Law graduates and attorney licensing entities were closely monitoring Michigan's exam, as it's the first-ever online bar exam—a route an increasing number of jurisdictions are taking amid the COVID-19 pandemic. At least 22 jurisdictions plan to give online bar exams in August and October. The Indiana Supreme Court announced Wednesday that the remote bar exam it plans to give Aug. 4 will be open book and delivered via email after remote administration software it initially planned to use failed tests.
Some of the more than 700 people taking the Michigan exam were locked out of the second of five test modules for close to an hour Tuesday when they couldn't retrieve the password they needed to get into the exam. The Michigan Board of Bar Examiners said after the test ended Tuesday that the password problem was caused by a deliberate cyberattack, or a distributed denial of service (DDOS) on ExamSoft, the vendor Michigan used to administer the test. (DDOS attackers disable servers by overwhelming them with traffic.)
"The first hour-long module was completed without incident; however, prior to the start of the second module, ExamSoft experienced a distributed denial of service (DDOS) cyber-attack that prevented some test takers from accessing their passwords," according to a statement from the board. "After a short delay for some applicants, ExamSoft was able to successfully thwart this attack, and at no time was any test taker data compromised."

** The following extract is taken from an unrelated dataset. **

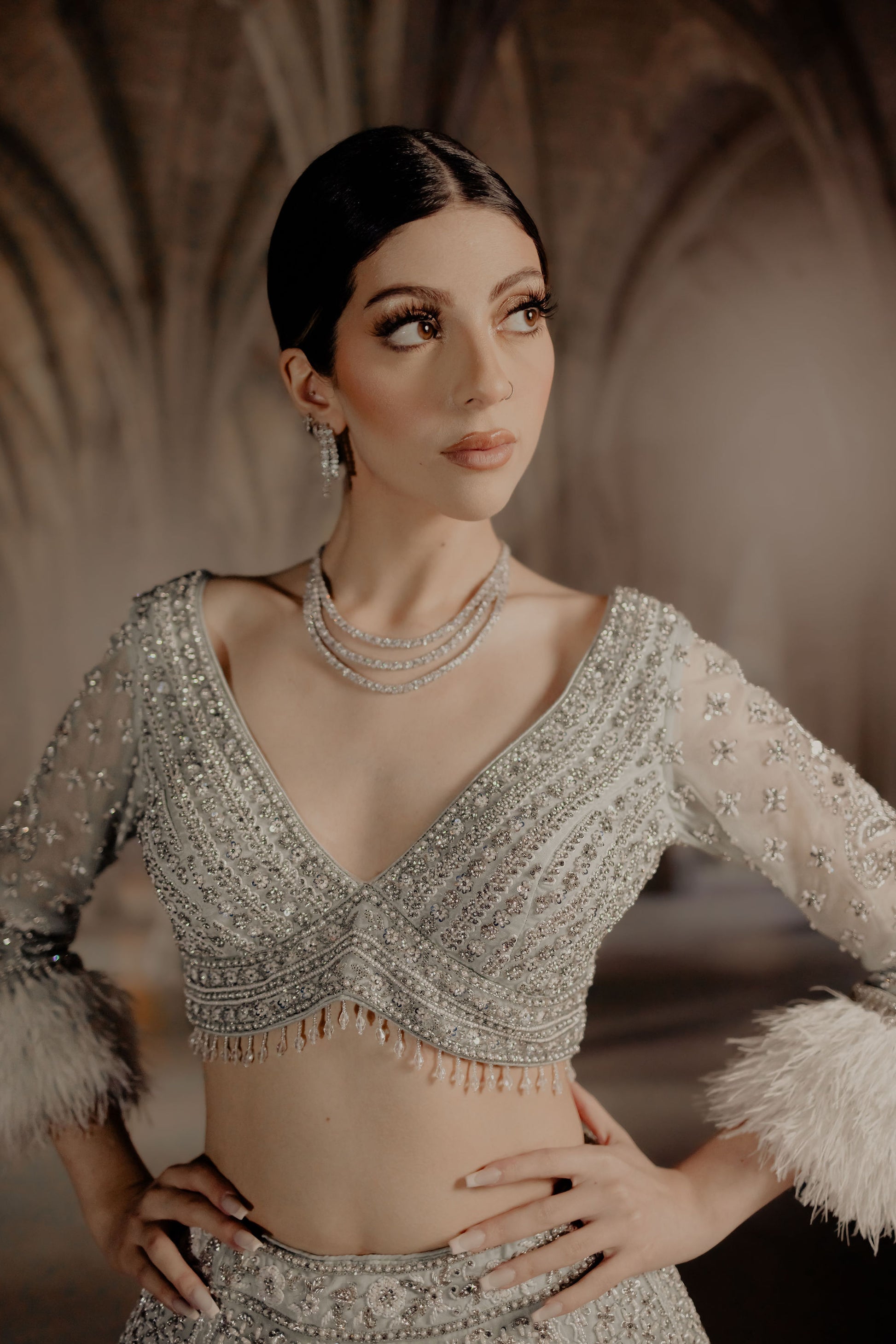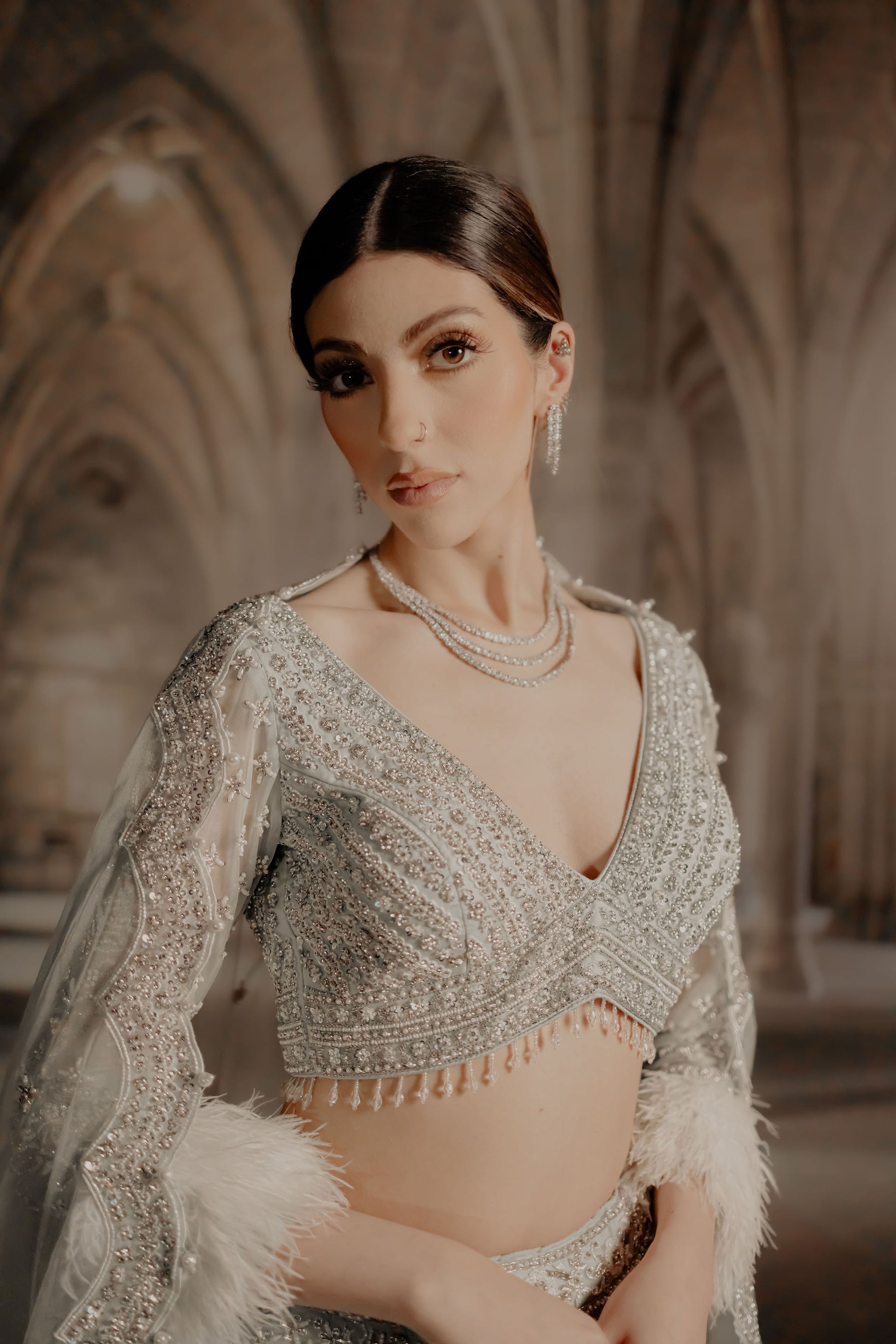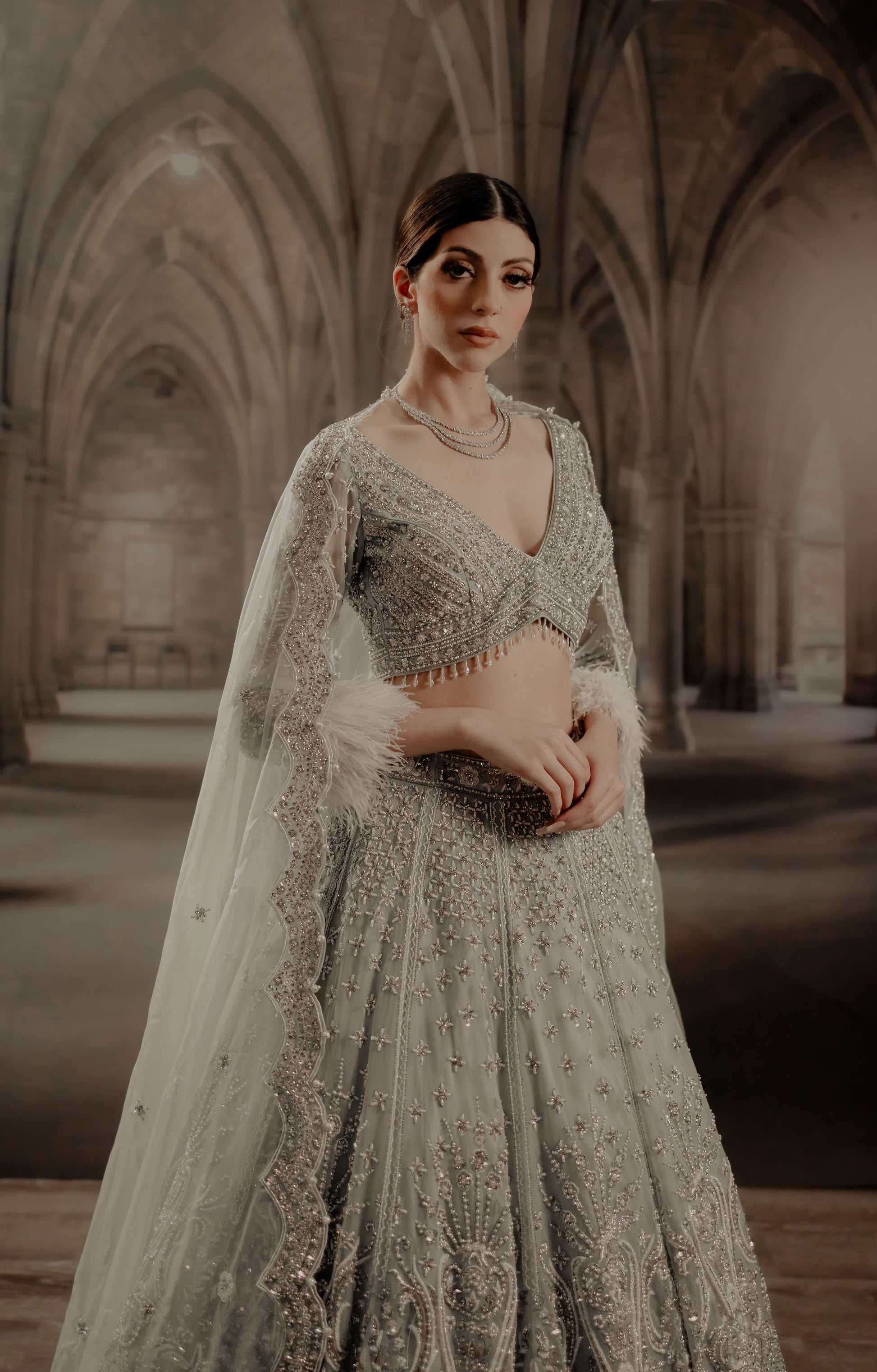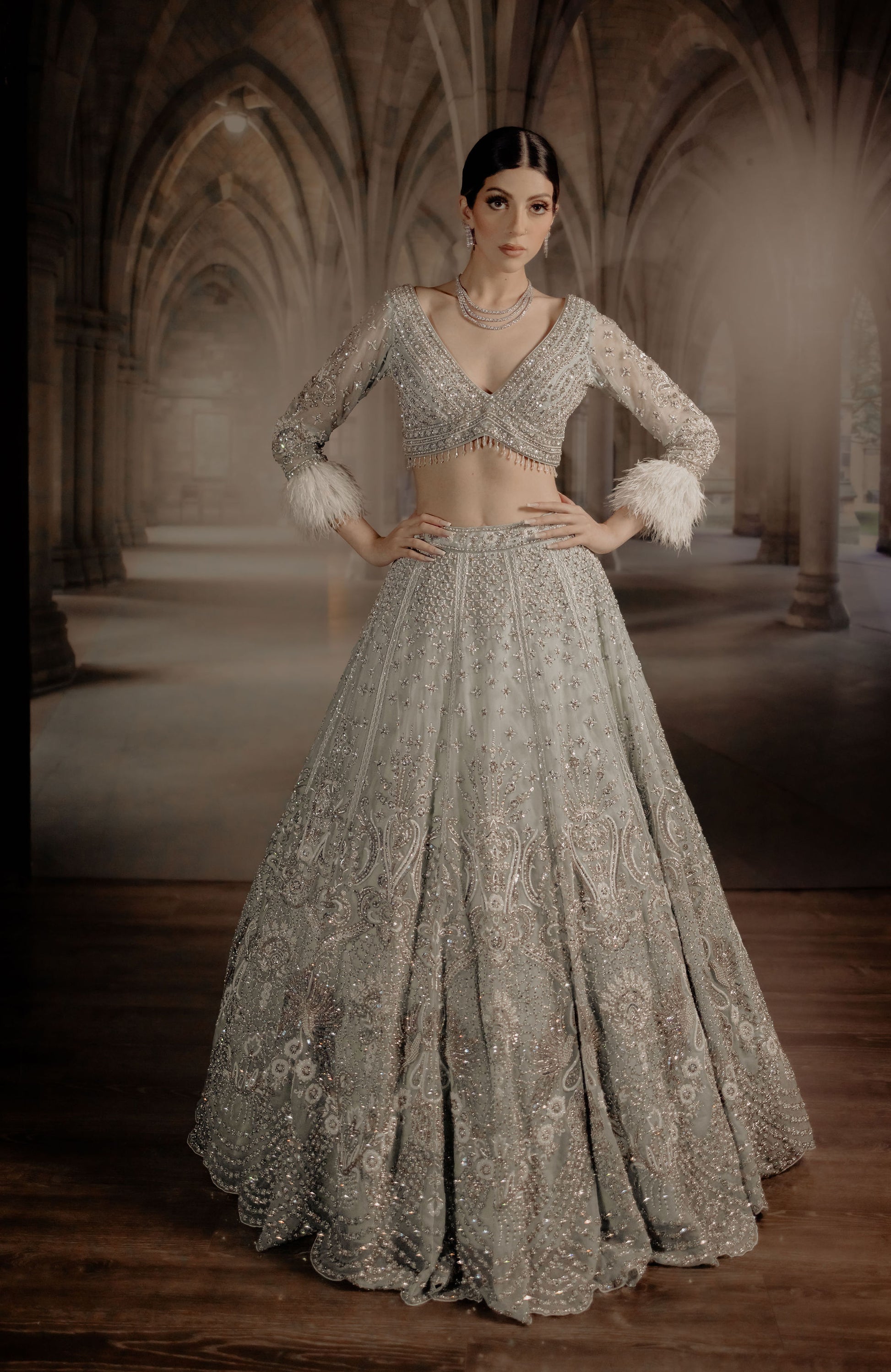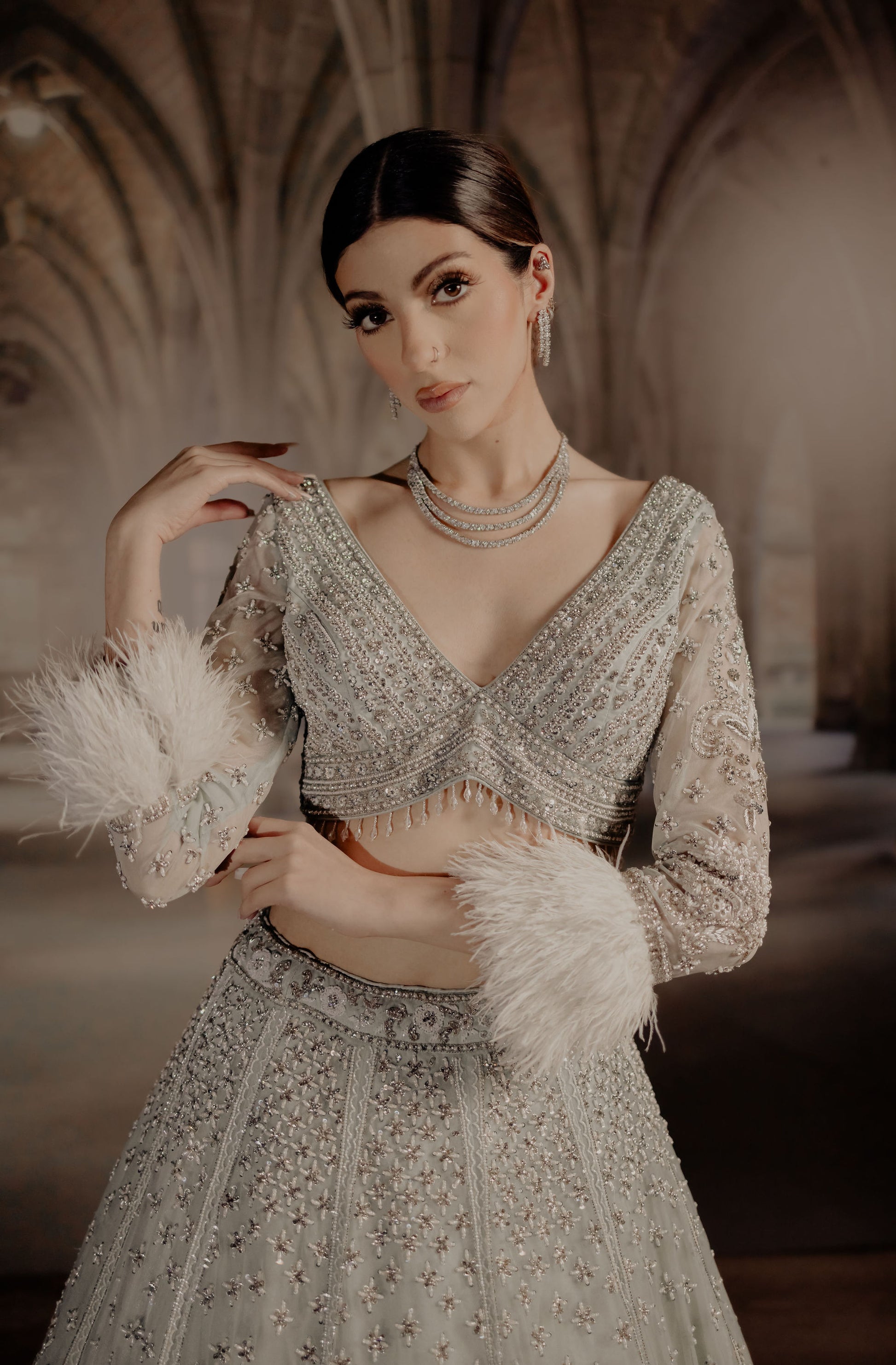 Ethereal Light Mint Green Reception Lehenga, a vision of freshness and sophistication. Crafted from delicate mint green fabric, this enchanting ensemble is adorned with a touch of whimsy with feather detailing on the sleeves, adding a unique and playful element to your bridal attire.

But there is mounting skepticism of that explanation, with some exam watchers saying that placing the blame on an outside cyberattack could be an attempt by vendor ExamSoft to cover up design flaws in its testing software. Casey Cheney, a 2020 graduate of Wayne State University Law School who took the exam, said that candidates were able to access the password for the first module of the exam 35 minutes ahead of time, allowing traffic to the password site to be spread out. But the password for the second module—where the problem arose—was released just five minutes ahead of time and the rush of test takers to the password site may have swamped ExamSoft's server, he said.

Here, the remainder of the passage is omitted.